Just try it out and then tell us how you did. Tools are only as good as the handler who uses them.

by hexe on 21 April 2013 - 03:04

It's a poor workman who blames his tools.  Like other training tools, the headcollar has it's place in the toolbox, it just needs to be utilized with the right dog to deal with the right circumstance. I certainly would never trust a headcollar alone as a means of restraining a dog that has shown aggression toward anything--but I also would never trust ANY collar as the sole means of restraint when working a dog that has aggression issues to be addressed.  I was taught to ALWAYS have two forms of control, be it 'choke' collar and flat collar, or prong collar and flat collar, or whatever combinations were best for the specific dog in the specific setting.
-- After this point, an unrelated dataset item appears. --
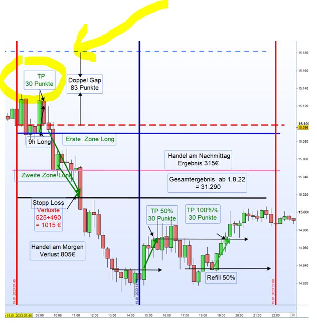 Versteh ich nicht. Nach 50% Gewinn und anschließendem Refill liefen 100% und die Verdopplung an Zone 2 in den SL. Oder nicht?Noch eine Anmerkung, speziell zu diesem Tag, die aber auch allgemein gilt.Laut Regelwerk liegt (für BUY) der SL 35 P. unter Zone 2. Einstieg erfolgt aber (Alarm etc.) 10 P. ÜBER der Zone. Daraus folgt messerscharf bei Verlust eine Anzahl von 45 Punkten.Dies gilt auch für die Verluste, welche aus Zone 1 erwirtschaftet werden, falls nicht der Einstieg (wie am 19.1.23) ohne das Alarm-System erfolgt.Das ganze ohne slippage, die häufig auftaucht, gerade dann, wenn es dynamisch in denn SL geht.

Using a headcollar is no different.  I DO like them for shaping a 'watch me' or 'focus' behavior in dog-aggressive individuals as a response to the presence of another dog--but yeah, you DO first need to acclimate the dog to the device in a neutral setting without the trigger around.  Once the dog has learned to tolerate it, I find it more helpful than trying to use any form of training collar to redirect the dog's attention, for the very reasons Slamdunc outlined earlier.  I've found dogs which are easily triggered into reactive behaviors and tend to become more amped up from collar & leash redirection attempts often respond better to the steady pressure the headcollar exerts on both the bridge of the nose and the back of the dog's neck at the same time--but the handler has to know how to use the device correctly for the safety of the dog, too.

T&T, actually, there ARE some established standards when it comes to dog trainers, at least here in the US--the National Association of Dog Obedience Instructors, for example, requires it's members to have put obedience titles on dogs themselves from green dog on up AND to pass a written exam which is far from a cursory Q&A on basics. Other organizations have established similar protocols, with some having affiliations with board-certified veterinary behaviorists.  Brenda Aloff has a proven, successful track record when it comes to dealing with intraspecies aggression in dogs, and has experience with the behavior in GSDs in addition to managing it in Fox Terriers [where it's primarily a hard-wired behavior from birth in most specimens of the breed]; Sunsilver knows it's going to take time to work this through with the dog who is the subject of the discussion, but I think she's on a path that's been well-marked out by those who went down it before her.